About this task
Within the listing that follows, reproduce exactly the lines starting at the line with "在宝鸡斗鸡中学,招生宣传工作" and ending at the line with "COMO OCORREU? O", inclusive, and only those. Pictures are dropped.

Stored data
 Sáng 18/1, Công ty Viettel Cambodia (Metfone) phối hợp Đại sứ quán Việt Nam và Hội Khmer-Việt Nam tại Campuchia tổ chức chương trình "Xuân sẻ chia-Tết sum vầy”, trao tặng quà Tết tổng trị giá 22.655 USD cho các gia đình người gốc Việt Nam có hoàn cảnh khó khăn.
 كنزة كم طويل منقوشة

---

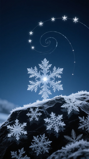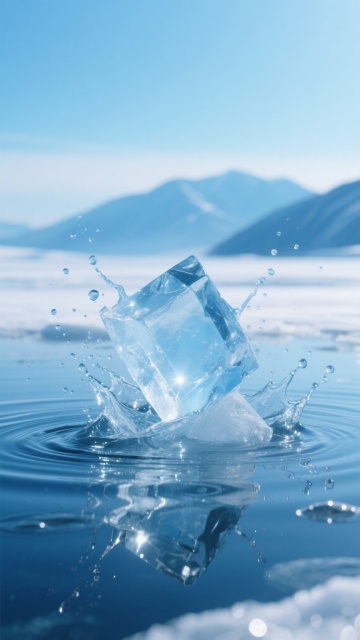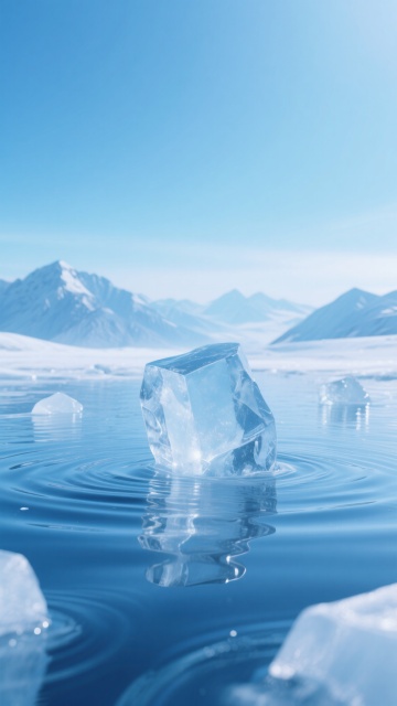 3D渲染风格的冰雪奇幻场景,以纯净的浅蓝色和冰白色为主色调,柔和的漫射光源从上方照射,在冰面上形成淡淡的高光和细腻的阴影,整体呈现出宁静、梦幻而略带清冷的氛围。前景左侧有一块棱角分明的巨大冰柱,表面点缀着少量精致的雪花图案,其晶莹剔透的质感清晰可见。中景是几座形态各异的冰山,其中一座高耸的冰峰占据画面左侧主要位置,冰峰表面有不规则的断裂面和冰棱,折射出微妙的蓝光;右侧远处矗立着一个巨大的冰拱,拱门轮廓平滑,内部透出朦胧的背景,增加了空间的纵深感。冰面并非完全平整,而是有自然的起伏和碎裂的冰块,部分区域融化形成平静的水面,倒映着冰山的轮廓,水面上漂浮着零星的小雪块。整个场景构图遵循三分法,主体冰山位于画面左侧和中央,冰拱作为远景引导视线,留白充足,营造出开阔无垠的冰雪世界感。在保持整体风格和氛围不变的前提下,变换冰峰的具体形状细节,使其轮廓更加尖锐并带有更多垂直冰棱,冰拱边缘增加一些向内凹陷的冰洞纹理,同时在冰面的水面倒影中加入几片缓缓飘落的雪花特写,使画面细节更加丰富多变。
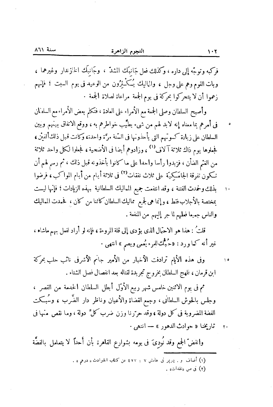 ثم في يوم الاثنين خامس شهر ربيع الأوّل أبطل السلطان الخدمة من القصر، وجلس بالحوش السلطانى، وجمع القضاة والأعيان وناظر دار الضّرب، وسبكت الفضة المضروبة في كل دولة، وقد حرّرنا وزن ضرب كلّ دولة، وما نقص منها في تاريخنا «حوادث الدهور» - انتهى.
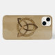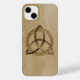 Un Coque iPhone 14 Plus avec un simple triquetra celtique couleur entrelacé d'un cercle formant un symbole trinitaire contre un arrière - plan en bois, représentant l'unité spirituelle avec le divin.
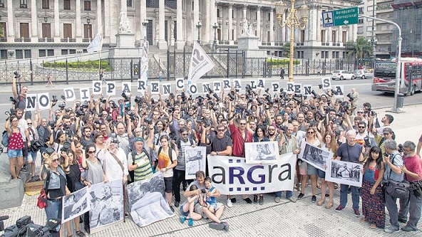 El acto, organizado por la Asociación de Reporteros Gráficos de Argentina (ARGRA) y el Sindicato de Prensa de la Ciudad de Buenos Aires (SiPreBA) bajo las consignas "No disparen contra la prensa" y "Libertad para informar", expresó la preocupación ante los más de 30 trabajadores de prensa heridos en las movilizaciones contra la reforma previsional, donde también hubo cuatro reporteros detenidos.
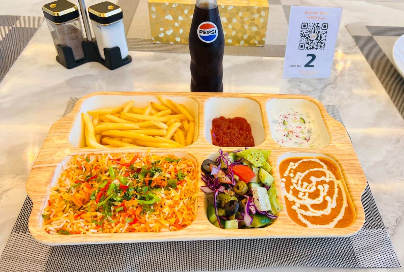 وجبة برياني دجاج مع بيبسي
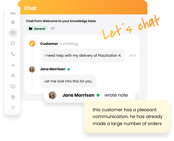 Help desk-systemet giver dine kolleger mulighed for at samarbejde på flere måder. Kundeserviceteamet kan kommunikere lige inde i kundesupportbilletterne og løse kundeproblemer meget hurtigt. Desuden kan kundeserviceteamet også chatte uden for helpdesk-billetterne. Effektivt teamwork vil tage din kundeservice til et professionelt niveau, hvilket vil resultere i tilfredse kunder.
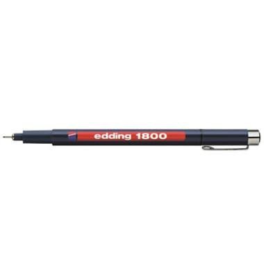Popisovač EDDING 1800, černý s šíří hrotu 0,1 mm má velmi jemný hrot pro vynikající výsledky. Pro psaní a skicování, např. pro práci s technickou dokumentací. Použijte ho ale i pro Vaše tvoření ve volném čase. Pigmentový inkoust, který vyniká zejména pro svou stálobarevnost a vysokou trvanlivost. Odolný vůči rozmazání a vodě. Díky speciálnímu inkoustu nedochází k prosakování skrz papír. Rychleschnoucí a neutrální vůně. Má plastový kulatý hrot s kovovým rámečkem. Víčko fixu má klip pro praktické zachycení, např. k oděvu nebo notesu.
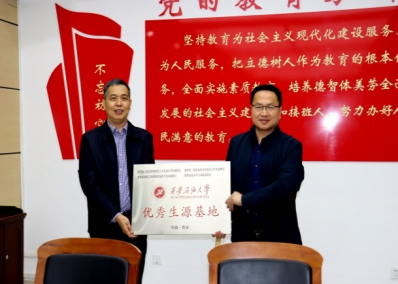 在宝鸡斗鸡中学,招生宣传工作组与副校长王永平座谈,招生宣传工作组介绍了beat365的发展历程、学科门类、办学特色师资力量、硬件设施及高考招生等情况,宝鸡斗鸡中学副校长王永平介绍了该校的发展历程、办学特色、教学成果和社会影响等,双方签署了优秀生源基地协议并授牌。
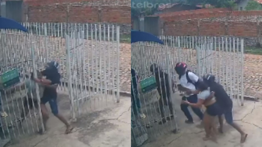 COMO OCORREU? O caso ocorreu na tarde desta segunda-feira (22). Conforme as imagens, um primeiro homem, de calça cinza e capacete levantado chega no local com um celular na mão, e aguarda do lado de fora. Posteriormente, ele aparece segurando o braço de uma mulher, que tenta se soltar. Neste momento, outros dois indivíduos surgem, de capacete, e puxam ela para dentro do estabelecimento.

Response to this task
 在宝鸡斗鸡中学,招生宣传工作组与副校长王永平座谈,招生宣传工作组介绍了beat365的发展历程、学科门类、办学特色师资力量、硬件设施及高考招生等情况,宝鸡斗鸡中学副校长王永平介绍了该校的发展历程、办学特色、教学成果和社会影响等,双方签署了优秀生源基地协议并授牌。
 COMO OCORREU? O caso ocorreu na tarde desta segunda-feira (22). Conforme as imagens, um primeiro homem, de calça cinza e capacete levantado chega no local com um celular na mão, e aguarda do lado de fora. Posteriormente, ele aparece segurando o braço de uma mulher, que tenta se soltar. Neste momento, outros dois indivíduos surgem, de capacete, e puxam ela para dentro do estabelecimento.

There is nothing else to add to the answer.